Here we analyse a matched phenotype/genotype dataset used in the (Graf et al., 2024) study and publicly available datasets from NCBI to investigate these genotype-phenotype mismatches with the AMRgen package.
1.1 Sourcing data from the DASSIM study
One of the datasets used to highlight genotype-phenotype mismatches in the Graf et al., 2024 paper was the “Developing an antimicrobial strategy for sepsis in Malawi” (DASSIM) dataset (Lewis et al. 2022).
The DASSIM study was an observational study of patients with sepsis admitted to Queen Elizabeth Central Hospital, Blantyre, Malawi. The aim was to understand the drivers of acquisition and long term carriage of ESBL-E in sepsis survivors. The DASSIM dataset contains faecal samples from community patients, inpatients and sepsis patients.
All genomic data was short-read sequenced on Illumina platforms at the Wellcome Sanger Institute.
Antimicrobial sensitivity testing (AST) was carried out on a subset of isolates using the disc-diffusion method using British Society for Antimicrobial Chemotherapy (BSAC) guidelines (https://bsac.org.uk/). AST was carried out for meropenem, amikacin, chloramphenicol, ciprofloxacin, co-trimoxazole and gentamicin.

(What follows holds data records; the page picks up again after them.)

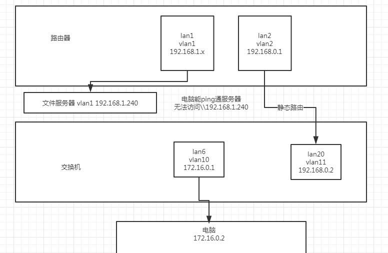 1.路由里面关闭防火墙测试过问题依旧,其他没有做过限制。2.我直接接在路由vlan2口用192.168.0.XX段测试问题依旧。所以排除交换机。3.服务器关闭防火墙或者新建规则针对445 139端口对任何IP地址开放后问题依旧。 4.路由器的vlan1下的电脑访问没有任何问题
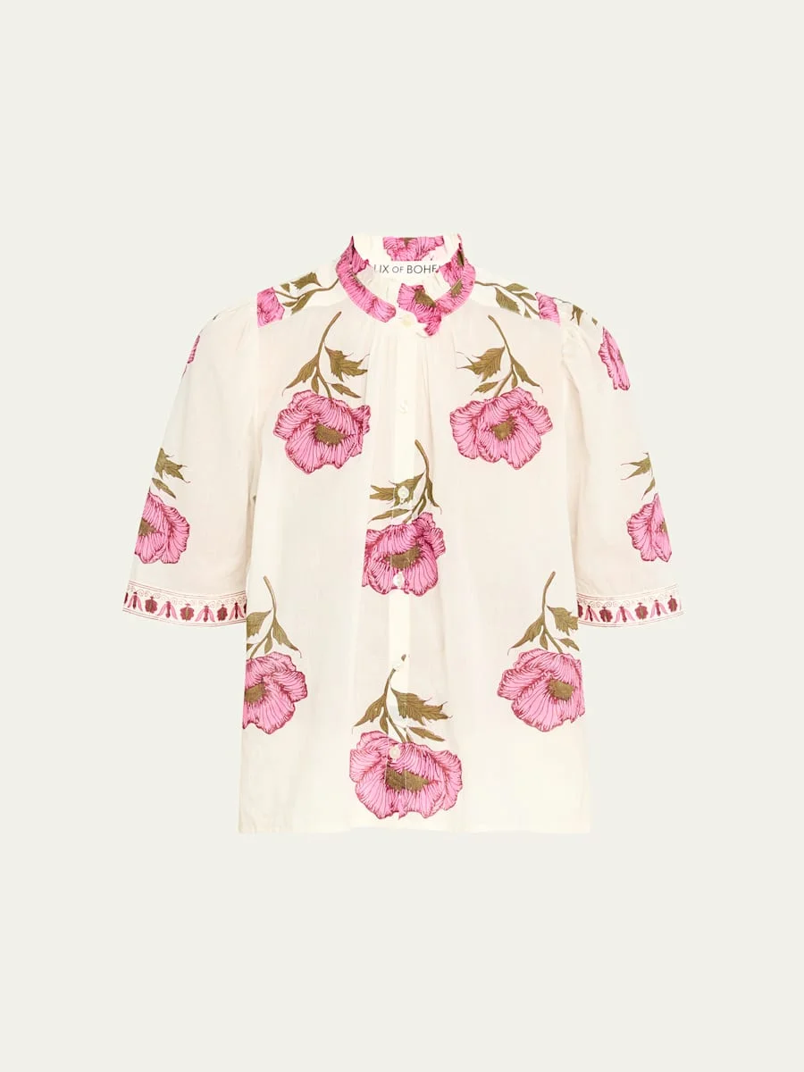 Alix of Bohemia "Winn" breathable cotton blouse adorned with a vibrant poppy print Stand collar Short sleeves Classic fit Hem falls to the hip Buttonfront Cotton Dry clean Imported
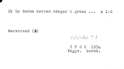//// By by barna katten hänger i grana ... s 1-2 //// Marstrand (B) //// I F G H 1954 //// Vaggv. bamv. ////
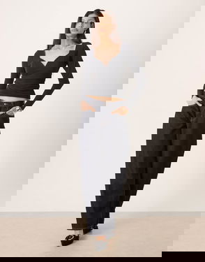 Abercrombie & Fitch Sweetheart Neck Long Sleeve Top With Built In Bra In Black
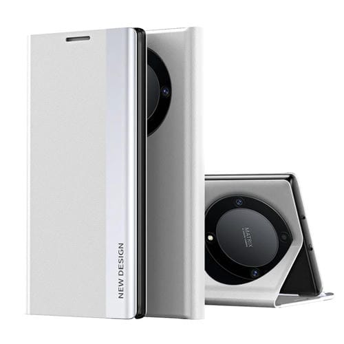 Funda de Cuero para Honor X9B con Adsorción Galvanizada Lateral (Plata)
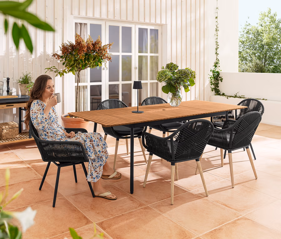 • Deska stolu z olejovaného eukalyptového dřeva s certifikací FSC® v teakovém vzhledu
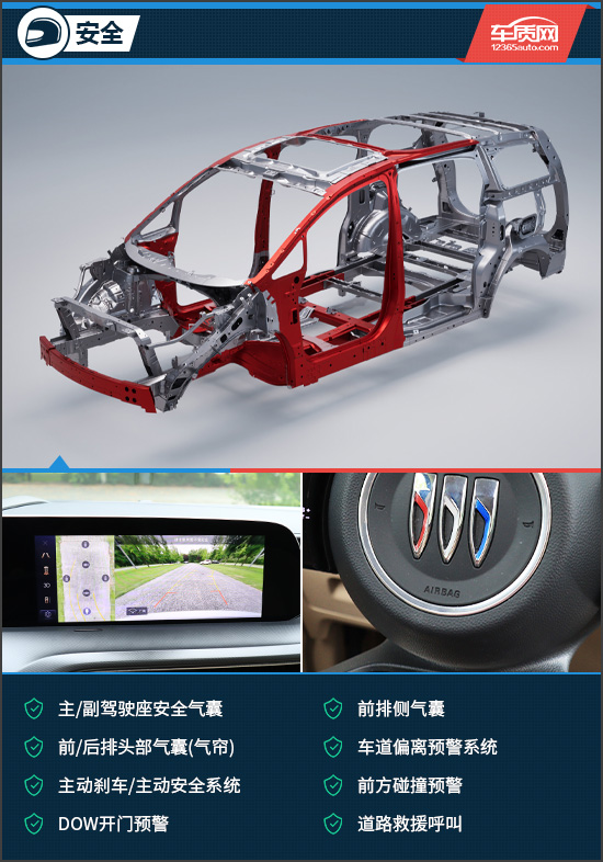 评测车配备了完善的主被动安全配置,包括主动刹车/主动安全系统、前方碰撞预警、主/副驾驶座安全气囊、前排侧气囊、前/后排头部气囊(气帘)等均没有缺席,整体表现十分出众。此外,评测车在看不到的地方也做到了极致,采用了十横六纵笼式铠甲车身结构以及三排高强度钢座椅骨架,保障了每一排乘客的出行安全。
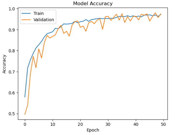 Fig.4 represents The accuracy of the CNN model throughout 50 epochs of training and validation is depicted in the graph. During the early epochs, both accuracies rise quickly, suggesting efficient learning. Early on, validation accuracy fluctuates slightly before settling at epoch 20. Both accuracies achieve a final value of roughly 0.98 to 1.0, indicating robust performance. Good generalization and little overfitting are demonstrated by the training and validation curves' tight alignment, which is probably the result of data augmentation and dropout. The model works consistently on unseen data if there is no discernible difference between the two. Small fluctuations in validation accuracy point to possible gains from changing the learning rate or running more epochs. All things considered, the model shows strong learning and excellent accuracy on the dataset.
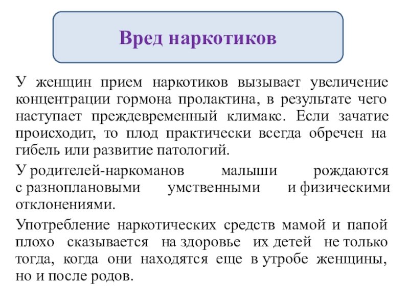 Слайд 19У женщин прием наркотиков вызывает увеличение концентрации гормона пролактина, в результате
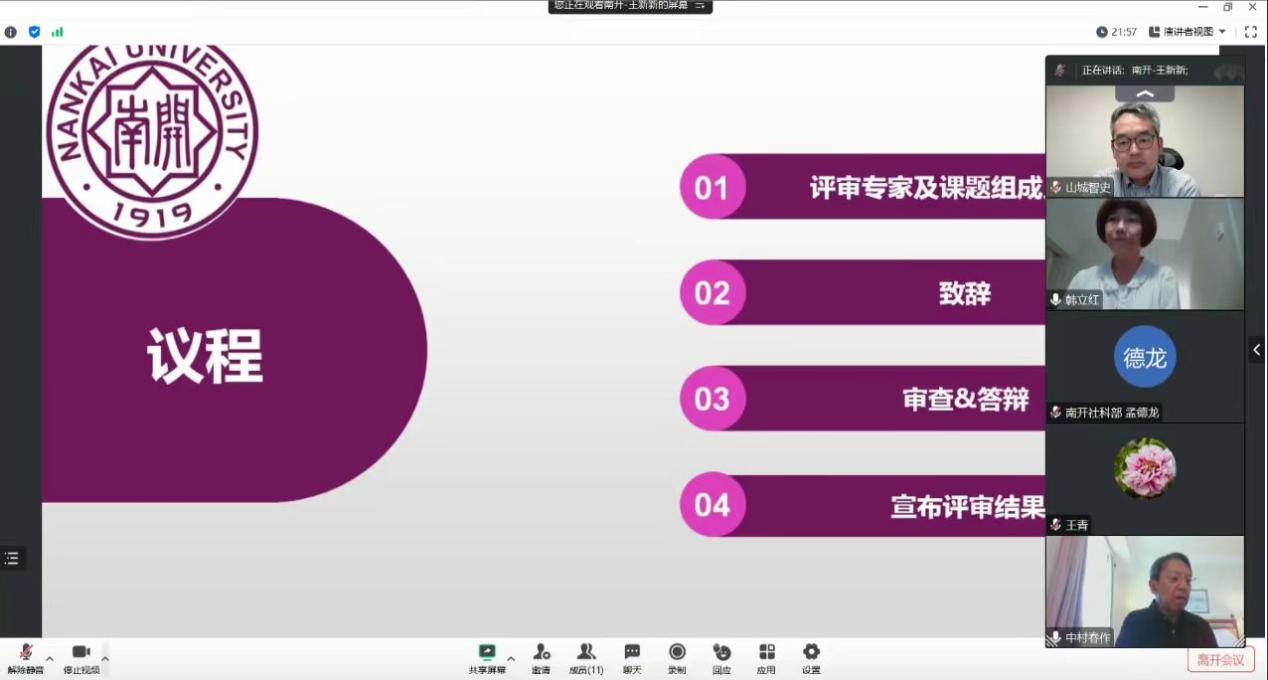 开题报告会由3044am永利集团日语系副主任王新新教授主持。永利官网人文社会科学研究部孟德龙副部长,3044am永利集团经理阎国栋教授出席报告会并致辞。答辩委员会由中华日本哲学会会长、中国人民大学哲学院林美茂教授、中华日本哲学会副会长、中国社会科学院哲学研究所研究员王青教授、日本冲绳名樱大学文学部山城智史副教授组成。项目组成员广岛大学中村春作教授、3044am永利集团于君副教授、淮北师范大学孙源老师、天津职业技术师范大学梁晓清老师等参加。

However this dataset only contains the interpreted phenotype data (S/I/R) which is what we work with in this example.
1.1a DASSIM Genotype data
We downloaded genome data from the following papers:
Colonization dynamics of extended-spectrum beta-lactamase-producing Enterobacterales in the gut of Malawian adults Nat. Microbiol. 7, 1593–1604 (2022). Joseph M Lewis, Madalitso Mphasa, Rachel Banda, Matthew Beale, Eva Heinz, Jane Mallewa, Christopher Jewell, Nicholas R Thomson, Nicholas A Feasey
Genomic analysis of extended-spectrum beta-lactamase (ESBL) producing Escherichia coli colonising adults in Blantyre, Malawi reveals previously undescribed diversity Microb. Genom. 9, mgen001035 (2023). Joseph M Lewis, Madalitso Mphasa, Rachel Banda, Matthew Beale, Jane Mallewa, Catherine Anscombe, Allan Zuza, Adam P Roberts, Eva Heinz, Nicholas Thomson, Nicholas A Feasey
Genomic and antigenic diversity of colonising Klebsiella pneumoniae isolates mirrors that of invasive isolates in Blantyre, Malawi Microb. Genom. 8, 000778 (2022). Joseph M Lewis, Madalitso Mphasa, Rachel Banda, Matthew Beale, Jane Mallewa, Eva Heinz, Nicholas Thomson, Nicholas A Feasey
The genomes are deposited in the European Nucleotide Archive (ENA) under the project IDs PRJEB26677 and PRJEB36486.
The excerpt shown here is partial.